By the way, I think that one reason why wikis are so easy to learn from is because you can skip past the boring stuff until you need it. This makes reading a wiki more fun, and also leads to tab explosions, keeping you hooked. I figure that this could significantly improve on the traditional textbook model, despite all those nice things I said about it earlier in the post.
(In honor of the tab explosion, I’ve stuck in a bunch of links to pages that might be interesting.)
Only if he were an exceptionally bad writer. 200 pages contains a lot more information than you can fit into most conversations. Not to mention being more logically structured.
Of course, a conversation is more interactive and lets you ask about the things that were left unclear, as well as clear up misunderstandings… but I don’t think that anywhere near compensates.
What you could argue is that talking to the author is time more efficiently spent, as it gives you a better idea of whether her thesis is worth reading.
most people are exceptionally bad writers
How can that be the case? You apparently have ‘exceptions’ forming most of the population!

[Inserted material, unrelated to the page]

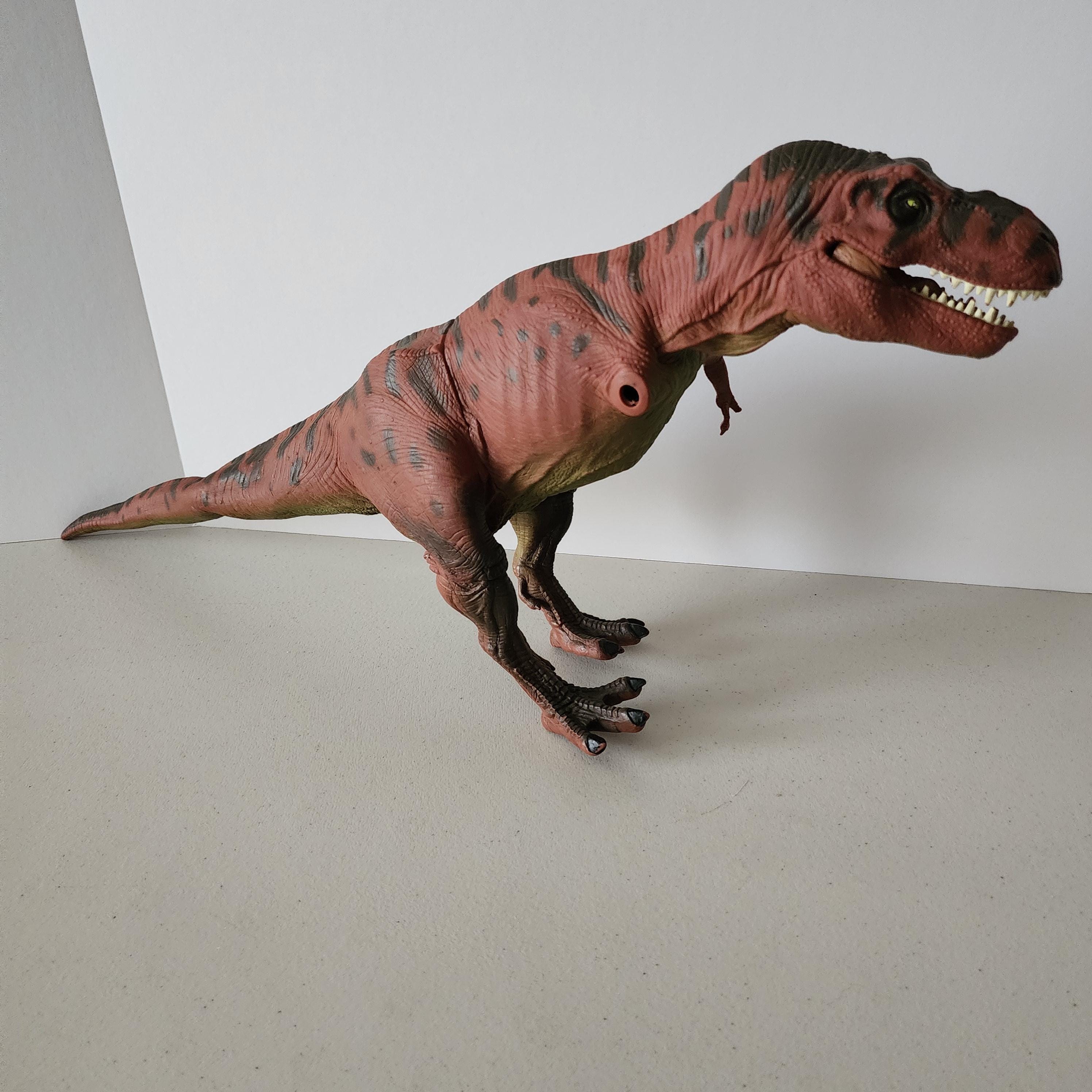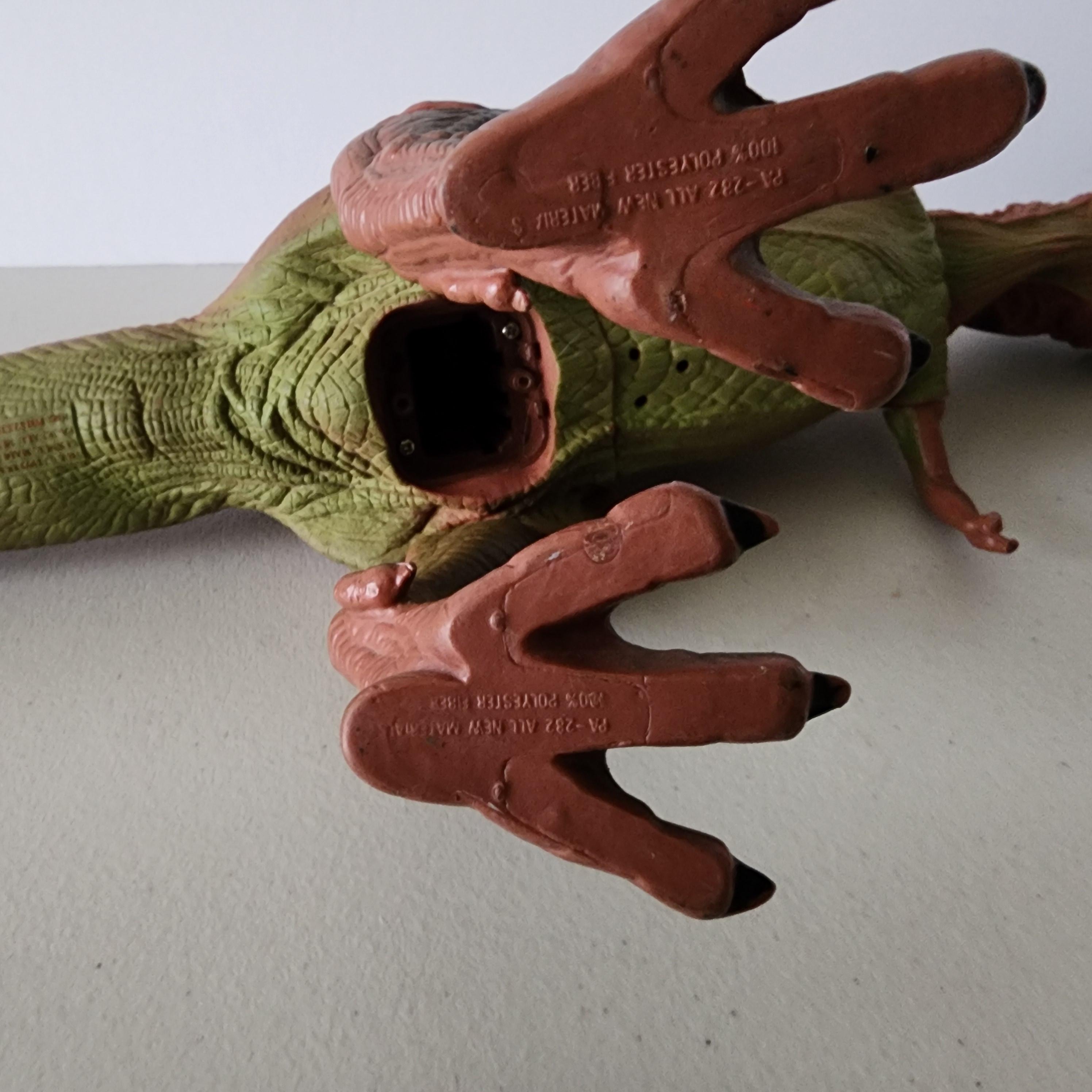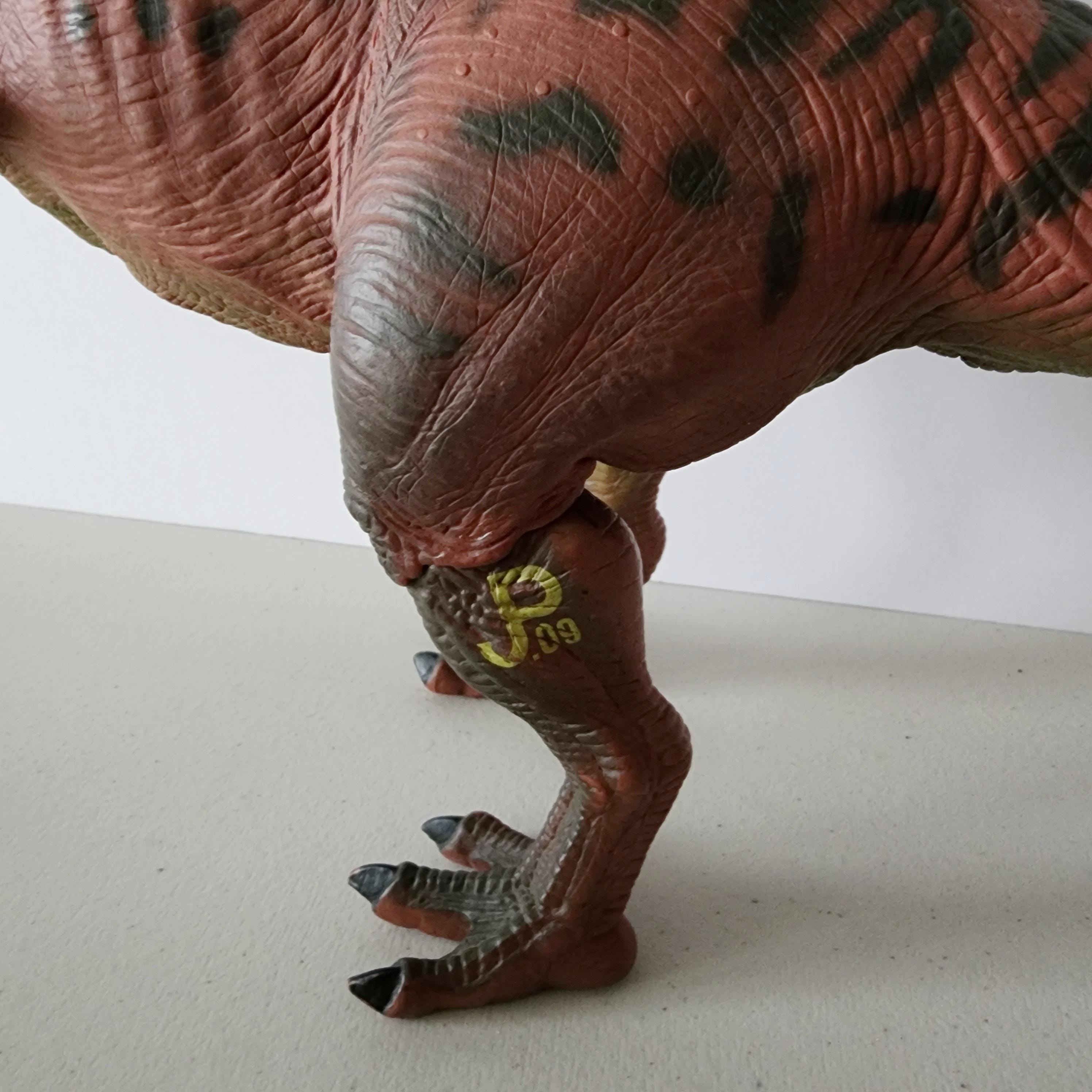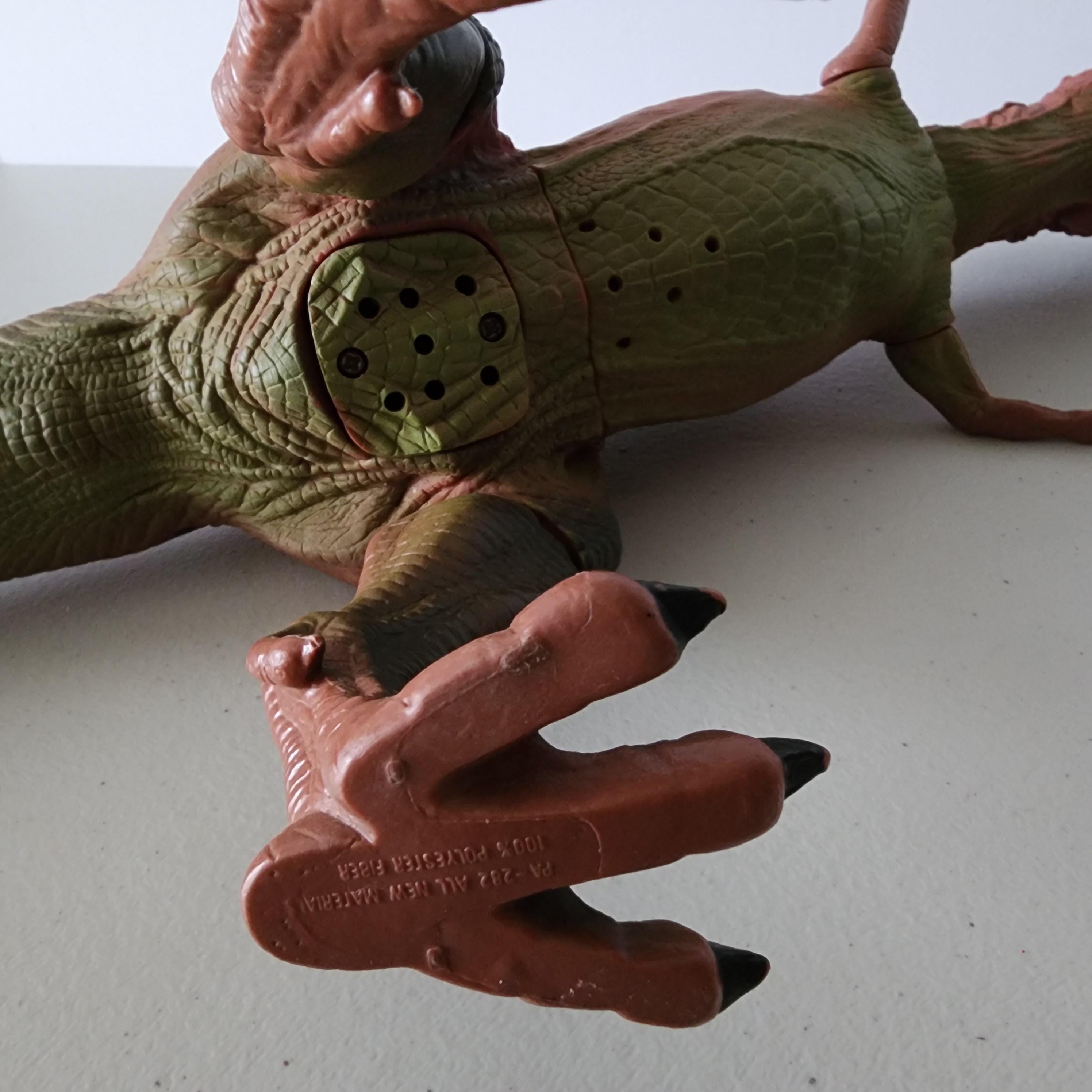 The first dinosaur was tested with batteries (Not Included) and he makes noise when you stomp its feet and his mouth opens a little when a spot on his jaw is pushed. Its tail has a bend in it and the rubber type polyester material is cracked as shown. Otherwise it is in great shape.

More generally, being able to talk to the author after reading the thesis is hugely valuable, because whatever was unclear in the thesis can be cleared up. But talking to the author without reading his work is fairly worthless; you won’t know what questions to ask, unless of course you’re already knowledgeable in the field.
But actually it also applies only insofar as you have already studied the field. Programming forums are great, but we’ve all seen the guy who shows up to post a tutorial question verbatim and appends “send me the code plz”, and we all understand he’s just wasting everybody’s time. You have to read the textbooks and at least seriously attempt the tutorials yourself before you can ask the right questions on the forum.
You could see that as anthropomorphizing the power of interaction.
Meh. Maybe if that wise man is Eliezer Yudkowsky. But then, calling Eliezer Yudkowsky a “wise man” is like calling the Sahara Desert a “litterbox”.
Or Chuck Norris a “tough guy”.
ETA: Grr! I can’t put underscores in people’s names anymore without adding italics!
Is it perhaps time for another round of Eliezer Yudkowsky Facts?
“Eliezer Yudkowsky Facts—September 2009”.
Just backslash escape them—type it like this: Eliezer\_Yudkowsky
ETA: this is an amusing example of “do as I say, not as I do”. What I actually typed looked like this: Eliezer\\\_Yudkowsky
I think you misunderstand the problem. I know I can override the formatting. It’s just that if I did so, it would invalidate my claim that I have software that lets me call up forum screen names with hotkeys, and replaces the spaces with underscores in forums that allow spaces in names.
In other words, people would know I was needlessly typing out their whole screen name and adding underscores, and it wasn’t just some glitchy software.
Of who is this a quote?
I believe it’s actually a Chinese proverb.
You need to be careful of supposed Chinese proverbs; I recently found that the Chinese curse “May you live in interesting times” was actually created in the fifties by Eric Frank Russell.
It has to be “may your grandchildren live in interesting times”, or the caster of the curse is as cursed as the recipient. sheesh!
Maybe the problem is that you’re focusing too much on whether the proverb is authentic Chinese rather than on whether it accurately captures reality?